Mozilla Persona (BrowserID) is a step in the wrong direction - zaroth
http://www.opine.me/mozilla-persona-browserid-is-a-step-in-the-wrong-direction/

======
callahad
Hi Zaroth,

Thank you for the thoughtful post! I'm about to hop on a flight, so this is a
bit hasty, but you raise a bunch of good points, and I wanted to thank you for
the thoughtful post. I've forwarded this to the Mozilla dev-identity mailing
list, and I think it will be helpful as we announce our Beta and polish the
service and protocol.

For updates on a few specific points:

> _"Teaching users that it’s OK to type their credentials into popups is just
> crazy."_

We agree, and are working on adding native support to Firefox so that users
only enter their credentials in the browser chrome, and never in page content.
We're also working on a project that will authenticate Gmail, Hotmail, and
Yahoo users via OpenID or OAuth, eliminating both the Persona password _and_
the verification email.

Native support should land in Firefox 17 (off by default), and the provider
bridge should go live in 4-6 weeks.

> _"The only way I could find to actually clear out my cached credentials from
> Persona.org was to go back into the Login dialog and click the ‘This is not
> me’ button."_

You can also sign out by going to <https://login.persona.org/> and clicking
"sign out," but that's not ideal either. Native support in the browser will
make this much better. If I recall correctly, we did some user testing earlier
this year and found that no matter which option we went with -- logging out
everywhere or just logging out of the site at hand -- a very large percentage
of users were confused.

Do you have any alternative ideas for approaching this?
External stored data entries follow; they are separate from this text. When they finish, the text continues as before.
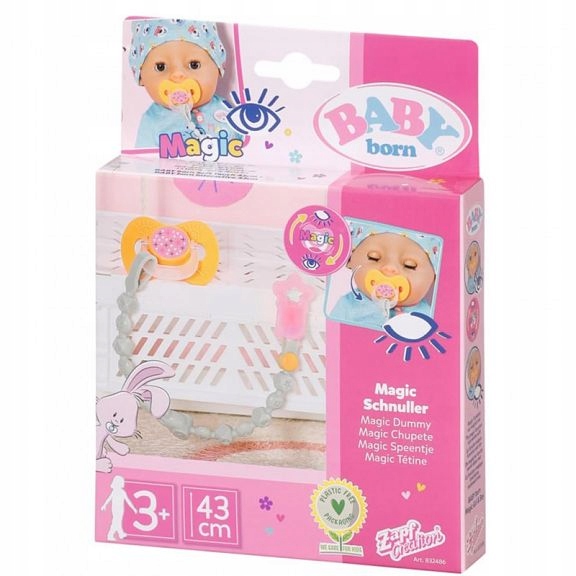 - Чарівна пустушка оснащена ланцюжком, який можна прикріпити до одягу BABY Born Magic, щоб ви ніколи її не втратили!
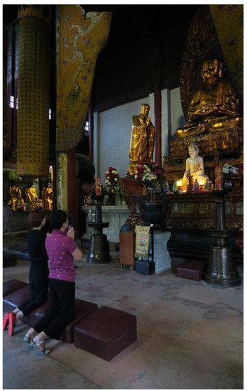 Pilgrims generally occupy the outermost position closest to the entrance. In the Three Temples, pilgrims normally stand in the courtyard (Mingtang) while in the Church, they sit in the atrium. When speaking about the role of pilgrims, it is worth noting that both monasteries are constructed by monks with the help of donation from pilgrims. With this in mind, some pilgrims hope that monks can sing a daily Mass for their soul (Altisent 1974), since they are the earthly representatives of their respective deities. In the mind of a pilgrim, making an offering to the monks and listening to their teachings is equivalent to making an offering to the deities themselves.
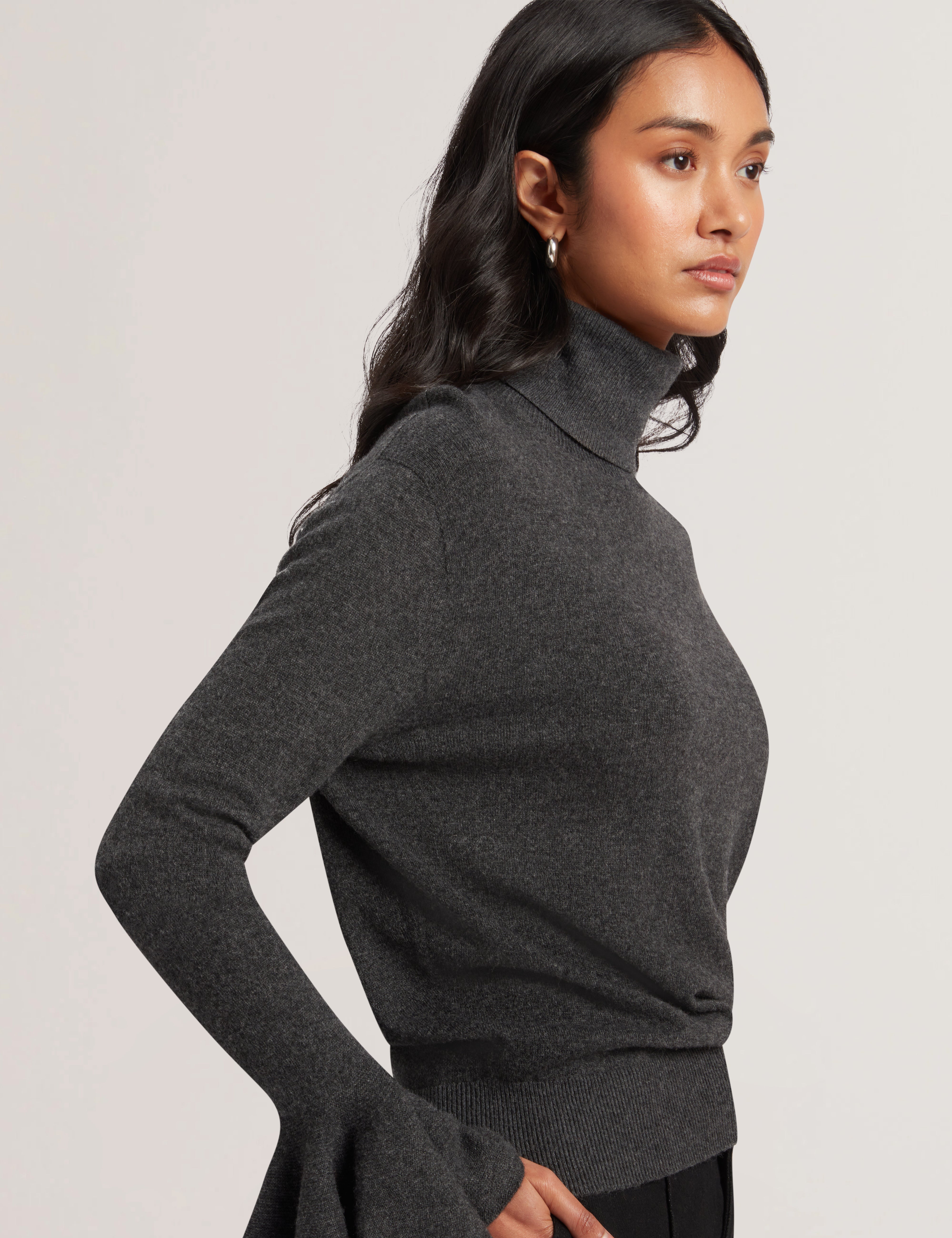 Women's Tamsenn-Roll Neck Fluted Sleeve Sweater Dk-Grey
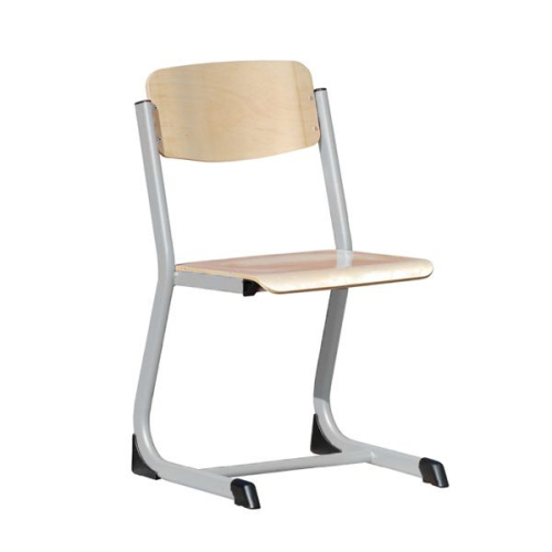 Ученический стул на опорах-полозьях оснащен квадратным сиденьем (ДхШ 380х380 мм) и эргономичной спинкой. При производстве учтены требования СанПиН: поддерживается средняя часть позвоночника, нет нагрузки на поясничный отдел. Передний край сиденья закруглен. Опоры-полозья с подпятниками и заглушками соединяются перекладиной. Углы наклона сиденья и спинки 3° и 100° соответственно.
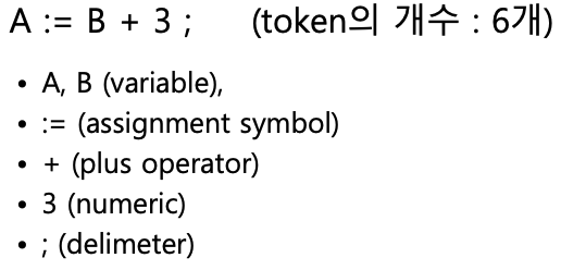- 토큰: 키워드, 연산자, 식별자, 상수
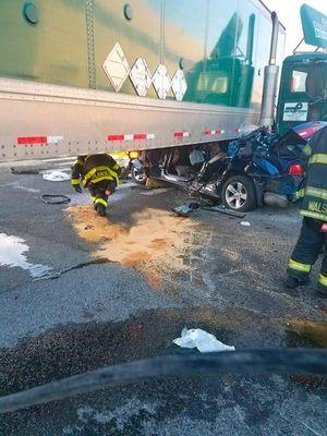 Rosedale - JFK traffic is a mess after two people pinned inside their vehicle after struck under a tractor trailer. NYPD, EMS, FDNY are on the scene. Chopper is hovering above at Brookville Blvd and Rockaway Blvd. Witnesses stated driver of tractor trailer was making wide left and the driver of car, a Dodge sedan tried to overtake the front. Instead the vehicle went under the truck. Police reported both driver and passenger were pinned inside and removed taken to hospital. Both are in critical condition. Third person in the car refused medical attention along with the truck driver. The truck driver is cooperating with police. Area closed. Ongoing investigation. Reported 7pm.

> _"The Login dialog opened as if an email address should have been listed,
> but no email was present."_

What sort of connection were you on? If I recall correctly, we've seen similar
issues when users are on slow connections / high packet loss connections. I've
filed a bug to investigate: <https://github.com/mozilla/browserid/issues/2090>

> _"Validation is complicated enough they don’t want sites trying to do it
> themselves"_

The data formats are still in flux while we wait for the IETF to finalize some
specs, but if you don't mind keeping your validator up to date, you're totally
welcome to do local validation. You can either reuse our validator (writtin in
NodeJS), or use PyBrowserID which has experimental support for local
validation.

This stuff will stabilize in mid-August when we formally anounce a "Beta"
release and commit to API stability, etc. We're almost there! For the working
group progress, see <http://datatracker.ietf.org/wg/jose/charter/>

> _"even if a domain does advertise support for BrowserID, that doesn’t
> exclude certificates from being accepted that are generated by
> Persona.org."_

We're tracking that in Issue #1501:
<https://github.com/mozilla/browserid/issues/1501>

> _"Does BrowserID tell you if the user just recently reset their password?
> No."_

Brian Warner has implemented something like this, which invalidates all
login.persona.org-backed sessions upon a password change. Pull Request #2026:
<https://github.com/mozilla/browserid/pull/2026>

> _"The fact is, when BrowserID says ‘okay’, you don’t have any assurance the
> person on the other end even knows the user’s password. [...] requiring the
> website to abdicate all responsibility to a black box that just says ‘okay,
> let foo in’"_

I strongly disagree with this characterization -- for the case of users with
native IdP support, you're assured that the user agent successfully
authenticated with the email provider within a window of time determined _by_
that provider. For users of our fallback, this is _never_ more than 24 hours,
and in the case of public computers, is one hour by default.

That's a much stronger claim than you can make with a traditional password-
based system, where a sniffed credential can be valid for months.